How Tax Law Treats Delaware Statutory Trusts & Their Members
Much like an LLC or S-Corp, DSTs are considered “pass-through” entities by the IRS, meaning that all profits and losses are passed through to individual beneficiaries of the trust. In other words, a Delaware Statutory Trust is not a taxable entity. This structure allows for partial ownership and can facilitate passive fractional investment into a real estate asset without constituent members of the DST having to hold title or actively manage property. This ruling also established that eligible DST investments can qualify as the replacement property in a 1031 exchange; in other words, interest in a Delaware Statutory Trust may suffice as the “like-kind” asset in the eyes of IRS, and so can be traded for real property or vice versa in a legal 1031 exchange. Hence, DSTs have become the primary mechanism for passive investors to access high-quality real estate assets at relatively low minimums while still qualifying for 1031 exchange benefits.
How Delaware Statutory Trusts Work in Practice
Typically, a lead investor (often referred to as a ‘Sponsor’ in industry parlance) acquires the underlying property, then offers beneficial interest to passive investors in the DST. Like other legal entities that facilitate syndication, the DST structure allows beneficiaries of the trust to own stake in much larger commercial real estate (CRE) properties than they would normally be able to access—such as multifamily assets with hundreds of units, office buildings, mixed-use property, or niche CRE assets.
The DST structure allows for individual passive investors to access institutional-grade real estate via 1031 exchanges at a much lower barrier to entry. However, beneficiaries of a DST can participate without pursuing 1031 exchange benefits.
Tenants in Common Real Estate Investing
Tenants in Common is another legal structure for ownership interest in real estate.
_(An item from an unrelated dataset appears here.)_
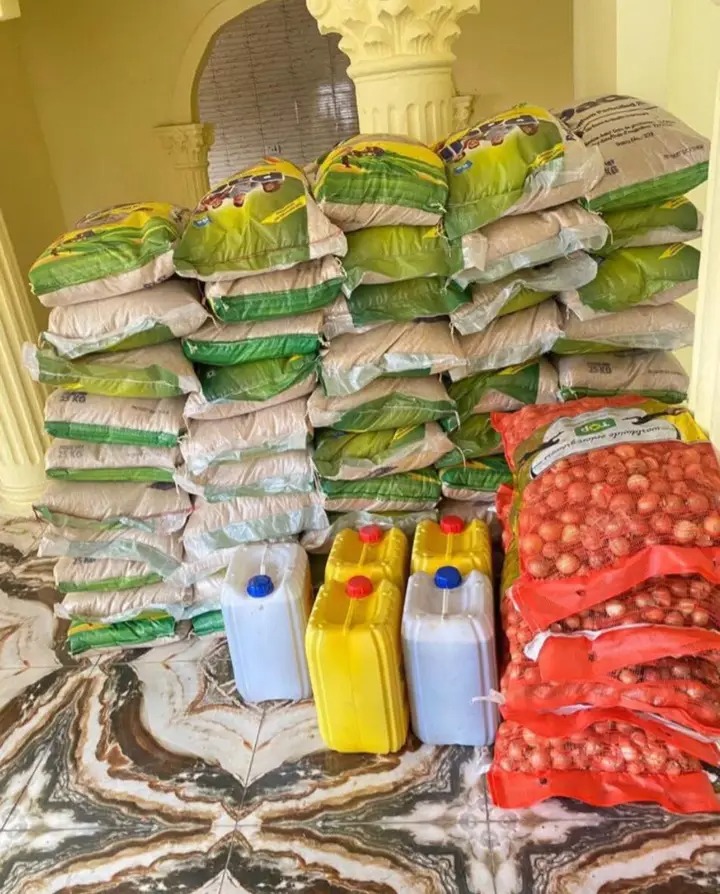The donation includes 50 bags of rice, onions, and cooking oil, aimed at supporting party faithfuls during the festive season.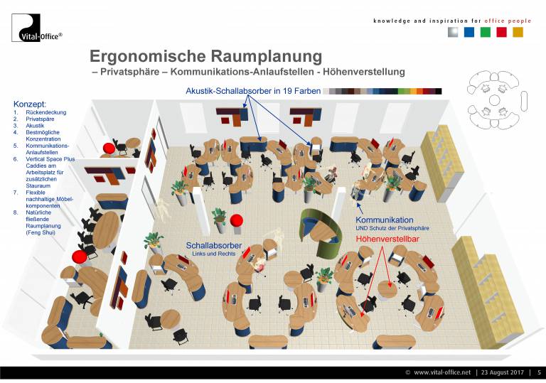 Vor Ort wurde eine erhöhte Sensibilität der Mitarbeiter bezüglich der Raumakustik festgestellt. Eine übliche abgehängte Decke mit leicht absorbierenden Platten ist jedoch bereits vorhanden. Da es darüber hinaus keine relevanten größeren Flächen gibt, die für zusätzliche Akustikmaßnahmen geeignet wären, wurde das Möblierungskonzept mit Akustikmöbeln erstellt. Jeder der höhenverstellbaren Schreibtische bekommt einen Akustikcaddy mit 1.22m² höchst absorbierender Akustik direkt an jedem Arbeitsplatz. Darüber hinaus sind weitere Möbelkomponenten schallschluckend.

Like a DST, the arrangement allows for partial ownership of underlying property and can facilitate syndication to passive investors. Both structures allow groups of investors to pool equity to acquire property on a tax-deferred basis via 1031 exchange, and both structures satisfy the program’s “like kind” qualification.
There are some key differences between the two structures:
- Investor Limit: Per IRS guidelines, a Tenancy in Common (or TIC) structure only allows for 35 investors. For institutional-grade property this may result in a prohibitively-high minimum investment for many individual investors.
- Bankruptcy Protection: Each TIC investor must set up a single-member LLC to ensure personal protection from liability, whereas a DST structure affords individual members bankruptcy remoteness.
- Voting Rights: The TIC structure requires unanimous consent from members when making decisions regarding the property – including refinancing, raising additional capital, or selling. In the DST structure, decision-making authority rests solely with a signatory trustee (typically the sponsor) while all other beneficiaries are strictly passive investors.
For these and other reasons, Delaware Statutory Trusts tend to be the preferred vehicle for collective investment into replacement property in a 1031 exchange.
The Bottom Line
At EquityMultiple, we are constantly working toward a robust pipeline of potential 1031 Exchange-eligible investment offerings—both Tenancy in Common and Delaware Statutory Trust structures.
Our underwriting standards for this type of investment offering are just as stringent as for our core, direct investment offerings. As with any offering on the EquityMultiple platform, our 1031 Exchange investments offer a lower entry point for individual accredited investors. We encourage investors to consult a licensed tax professional when considering the specifics of a 1031 Exchange investment or other tax-advantaged real estate investment.